When Stockwell is attacked and killed in a savage ambush on a routine call out to a domestic disturbance, Rocksavage's life is changed forever. He finds himself partnered with rookie WPC Amanda Morgan (Kerrie Hayes), whom he takes his anger and resentment out on, whilst coming head-to-head with the chief of the Criminal Investigation Department (CID), DCI Craig Costello (Mark Womack), who is overseeing the investigation into Andy's death. After coming face to face with one of Stockwell's killers, Noel Finch (Stephen Graham), Rocksavage crosses the line from law enforcer to law breaker, and soon realises there is no way back.

==Cast==
- Warren Brown as PC John Paul Rocksavage
- Michael Angelis as Robert Rocksavage
- Tom Hopper as PC Andy Stockwell
- Kerrie Hayes as PC Amanda Morgan
- Mark Womack as DCI Craig Costello
- Philip Hill-Pearson as DC Liam Frainey
- Aisling Loftus as Cassandra Stanton
- Stephen Graham as Noel Finch
- Stephen Walters as Callum Rose
- Joe Macaulay as Jonjo Heinz
- Shaun Mason as Kyle Smart
- Christine Tremarco as Justine
- Johann Myers as PC Gary Walton
- Carl Rice as PC Phil Davenport
- Michael J. Tait as PC Darren Skinner
- Kevin Harvey as Sergeant Middleton
- Jodie Comer as Amy

==Trivia==
Jodie Comer has a small role in one episode as a waitress who is harassed by Stephen Graham's character. Impressed by Comer's performance, Graham recommended her to his agent, who agreed to represent her; seven years later, after winning the 2019 BAFTA Award for Best Actress for her performance in Killing Eve, Comer thanked Graham for being her mentor and introducing her to his agent.

==Episodes==

| No. | Title | Directed by | Written by | Original release date | UK viewers (millions) |
| 1 | "Episode 1" | Sam Miller | Stephen Butchard | 30 August 2012 | 4.82 |
A bad day for constable Rocksavage begins with an encounter with his estranged girlfriend, Cassandra, and his daughter Libby; a confrontation with a vicious thug, Noel Finch, in a cafe; and later his partner constable Andy Stockwell is fatally injured in a targeted attack by Finch and his gang members.
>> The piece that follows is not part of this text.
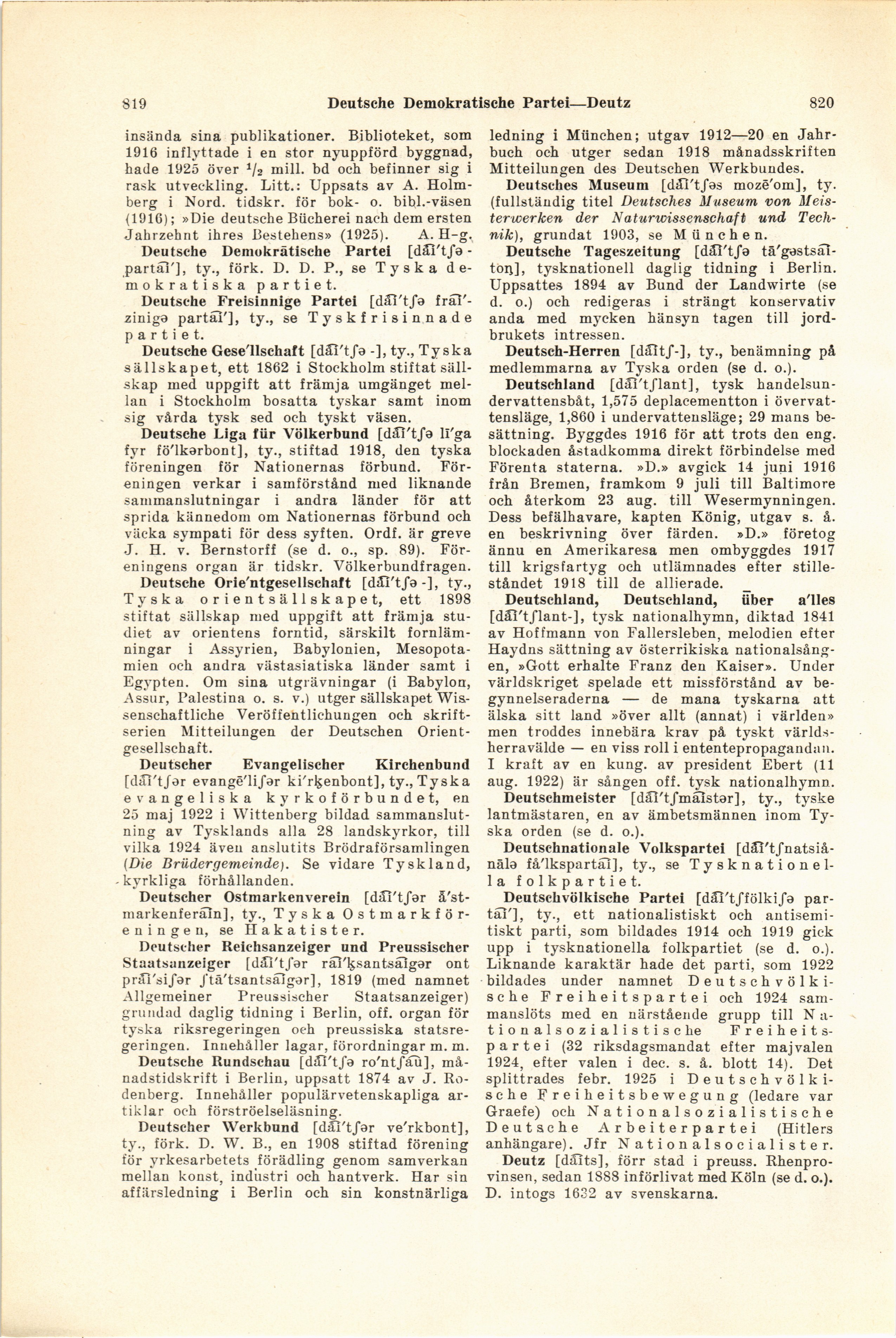 Full resolution (JPEG) - On this page / på denna sida - Deutsche Bücherei - Deutsche Demokratische Partei (D. D. P.) - Deutsche Freisinnige Partei - Deutsche Gesellschaft - Deutsche Liga für Völkerbund - Deutsche Orientgesellschaft, Tyska orientsällskapet - Deutscher Evangelischer Kirchenbund, Tyska evangeliska kyrkoförbundet - Deutscher Ostmarkenverein, Tyska Ostmarksföreningen - Deutscher Reichsanzeiger und Preussischer Staatsanzeiger - Deutsche Rundschau - Deutscher Werkbund (D. W. B.) - Deutsches Museum - Deutsche Tageszeitung - Deutsch-Herren - Deutschland (undervattensbåt) - Deutschland, Deutschland, über alles - Deutschmeister - Deutschnationale Volkspartei - Deutschvölkische Partei - Deutz

Rocksavage encounters Finch, and is forced by circumstances to shoot him.
| 2 | "Episode 2" | Sam Miller | Stephen Butchard | 6 September 2012 | 4.17 |
Noel Finch is dead, and Rocksavage soon starts to receive phone calls from one of Finch's associates, Callum Rose, who knows that he was involved in the murder - culminating in a blackmail demand for £100,000. Rose begins to follow Rocksavage, discovering where his estranged girlfriend and current girlfriend live. Rocksavage says he will pay all he can raise, which is £35,000. Later, he beats and then kills Rose after breaking into his home.
| 3 | "Episode 3" | Sue Tully | Stephen Butchard | 13 September 2012 | 4.39 |
Rocksavage takes photos of his daughter Libby, Cassandra, and her new boyfriend. This causes him more grief, which is compounded when he gives a heartfelt eulogy at Andy's funeral. Two possible witnesses to the murder of Callum Rose are interviewed but the evidence is inconclusive. One witness, Bradley Pearson, becomes involved in a domestic dispute, resulting in a siege concluded by Rocksavage's intervention. Homicide detectives bring in Jonjo Heinz, identified by Rocksavage as a third gang member who attacked Andy, but he is released due to a lack of hard evidence. Rocksavage plants the murder weapon used to kill Finch and Rose in Heinz's home.
| 4 | "Episode 4" | Sue Tully | Stephen Butchard | 13 October 2012 | Under 4.23 |
Rocksavage recovers the gun from where he planted it and later breaks into Jonjo Heinz's house, apparently intending to kill him. However, before he can confront Heinz, the police arrive to search the property, forcing Rocksavage to flee. Heinz is arrested and held for drugs-related charges, but the police find insufficient evidence to charge him with Andy's murder. Rocksavage meets Cassandra and tells her that he wants to be part of his daughter's life. Morgan agrees to pose as a student to catch two men who have been attacking young women, but when the undercover operation goes wrong, Rocksavage decides to take action.